Financial wellbeing in the age of COVID-19: how you can help
Employees’ financial wellbeing has always mattered. Now the pandemic has raised more questions than ever, what can employers do to help?
Over the last year, financial wellbeing has become more important to employees. But the term itself can be a little misleading: this form of wellbeing isn’t necessarily about how much money you have in your pocket – it’s about feeling in control and having a level of certainty about the future.
As an employer, it can feel challenging to offer the right support at the right time. The pandemic has raised many questions when it comes to individuals’ finances.
Financial wellbeing priorities may be changing for many, in tune with the unusual times we’re all experiencing. But one thing that hasn’t changed is the ongoing concern about retirement that many employees feel. How much will they need to save, when will they be able to retire, and what will retirement look like? Indeed, a period of enforced restriction may have caused some to think more deeply about retirement and whether they will be able to do the things they want in the years after work.
This is one area of financial wellbeing that employers can easily help with.
While a record number of people are saving in workplace pensions, our report Embracing the Age of Ambiguity (PDF 9.2 MB) showed that less than a third (28%) Footnote 1 feel aware how much they need to save to fund the lifestyle they want in retirement.
During 2020, we saw that employees and members were continuing to engage with their pensions. The questions they were asking largely related to the same areas of uncertainty which concerned them before the pandemic. That said, we did encounter a number of specific queries relating to the issues surrounding the pandemic.
To help employers deal with these, we’ve answered three of the most commonly asked questions below:
- Has there been any significant change to workplace pension regulation during the pandemic?
No. The core rules overseeing workplace pensions haven’t changed in the wake of the pandemic. Today, all employers must provide their employees with a workplace pension, and they must automatically enrol all eligible employees into it.
- Can employers or employees increase, reduce, or stop pension contributions during the pandemic?
Yes. As before the pandemic, most employees can continue to increase, decrease or stop their workplace pension contributions. Any changes, however, should be carefully considered before they’re implemented. A decision to reduce or stop contributing to a workplace pension is likely to also mean a reduction or stopping of contributions from the employer. This could have detrimental implications for employees’ retirement plans, as less saving is likely to mean less income in retirement. Anyone wanting to read more about this can find information on our help and support page.
- Can employees access their pension savings during the pandemic?
It depends on their age. Unlike the state pension, workplace pensions can typically be accessed from age 55. Employees should view any suggestion that they can access workplace pensions before age 55 with great suspicion, as this could be a sign of a pension scam.

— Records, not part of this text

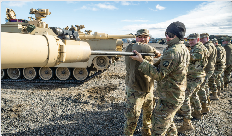
Tankers from Bravo Company, 3rd Battalion, 116th Cavalry Regiment, Oregon Army National Guard, conduct maintenance by cleaning the main gun tube of their M1A2 SEP v2 Abrams tank during an Inactive Duty Training weekend in Umatilla, Oregon, on Feb. 1, 2025.

Guard assumed responsibility for the center in 2017, aiming to create what officials describe as “the best training center in the Army National Guard.” For tank crews, the new course means more frequent training opportunities and better maintenance for their vehicles. “Part of getting our tanks back and increasing our operational readiness for our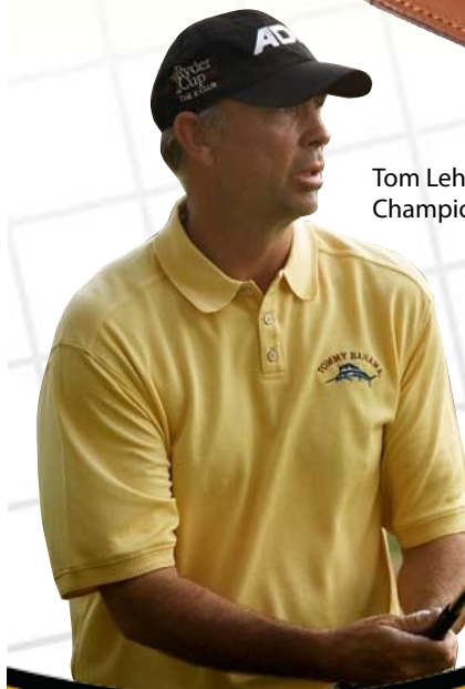
Tom Lehman, Champion Pro Golfer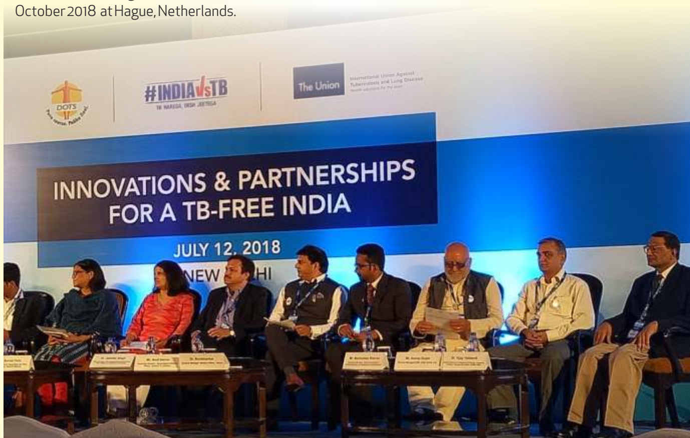
Pic: CGM (CSR), GAIL attending TB FREE INDIA summit, New Delhi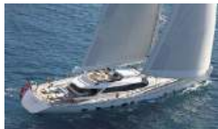
TWILIGHT Length: 38.10 m Guest/Crew: 8/6 Area: East Mediterranean Rate: From EUR 100 000/week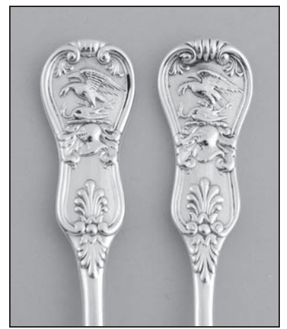
Fig. 35, front of forks by Gray/Chawner

The first example is referred to earlier, and comprises seven dessert forks by Chawner & Co. Figure 35 shows a comparison of examples by Robert Gray & Son of 1837-38 and Chawner & Co of 1865-66. Whilst certainly not identical, the dies are very similar, and it would seem likely that the family wanted additional/replacement pieces, and Chawner's sunk new dies. A comparison is shown in Figures 35 and 36, with the Gray pieces on the left and Chawner on the right.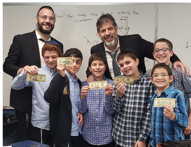
Our Rosh Yeshiva taking pride in some of the talmidim who participated in the "Sleeping in the Sukkah Program"!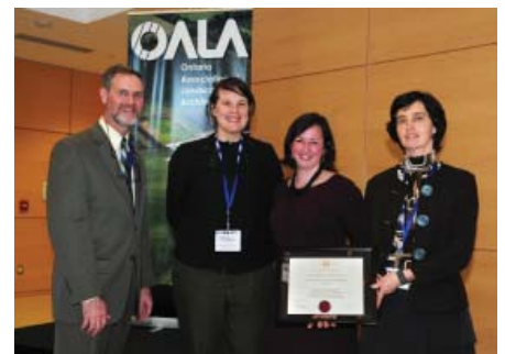
Honour Award recipients for PLANT Architect Inc.

• An Honour Award – to Claude Cormier Architectes Paysagistes inc. with The Planning Partnership for Canada's Sugar Beach (Toronto).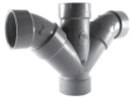
Part No. AW 507C Double Combination Wye and 1/8 Bend (All Hub)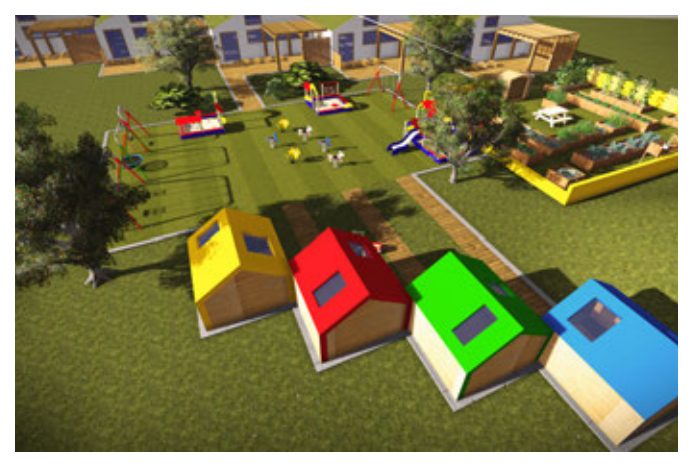
Visualization of a new integrated day care centre in Namysłów, fot. Fundacja Elementarz

Owing to tri-partite cooperation, Namysłów will benefit from an innovative day care centre, which will also pursue activities aimed at supporting parents. The project was initiated by Fundacja Ekologiczna Wychowanie i Sztuka "ELEMENTARZ" [The "PRIMER" Education and Arts Ecological Foundation]. Namysłów Commune contributed an attractive plot of land for the venture, and the project will be financed by THE VELUX FOUNDATIONS, which donated over PLN five million for this purpose.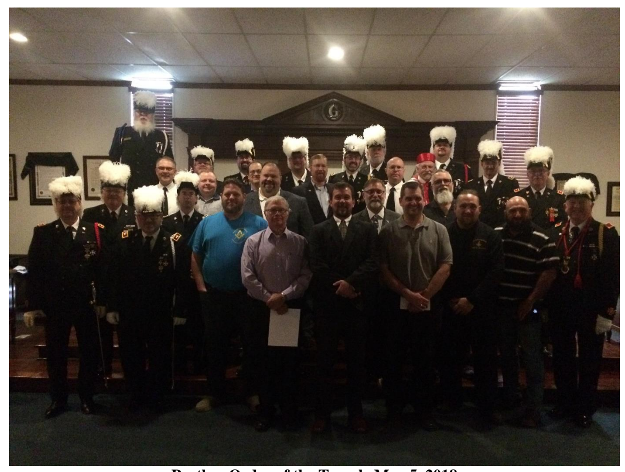
Prather Order of the Temple May 5, 2018 10 New Knights received the usual fine work at Prather Commandery.

If you have employees who are considering accessing their pension, it’s important that they should take time to consider their options carefully.
We’d also recommend that employees should get financial advice before making a decision. Anyone considering ways to access a pension should also contact Pension Wise, a government-backed agency. Their free guidance service will outline the key points to be considered before acting.
Help your employees learn more about managing their finances
By providing employees with clear and easy-to-access information, you can help them better understand what’s available to them and get to grips with the choices they need to make. This kind of assistance can also add to their motivation and further enhance your own standing as a responsible and caring employer.
It’s also true to say that offering accurate information needn’t put too much of a burden on your own time or resources. The provider of your workplace pension – or the scheme’s trustees – should be able to work with you to produce and distribute useful and engaging material for your employees. Many providers now offer online access to make it easier for scheme members to manage their pensions, with tools designed to help them better understand the impacts of any changes they may choose to make.
All of this can make a big difference to the financial wellbeing of your employees. Feeling a greater sense of control over the future can have a strongly positive effect on quality of life right now… no matter how challenging the present may be.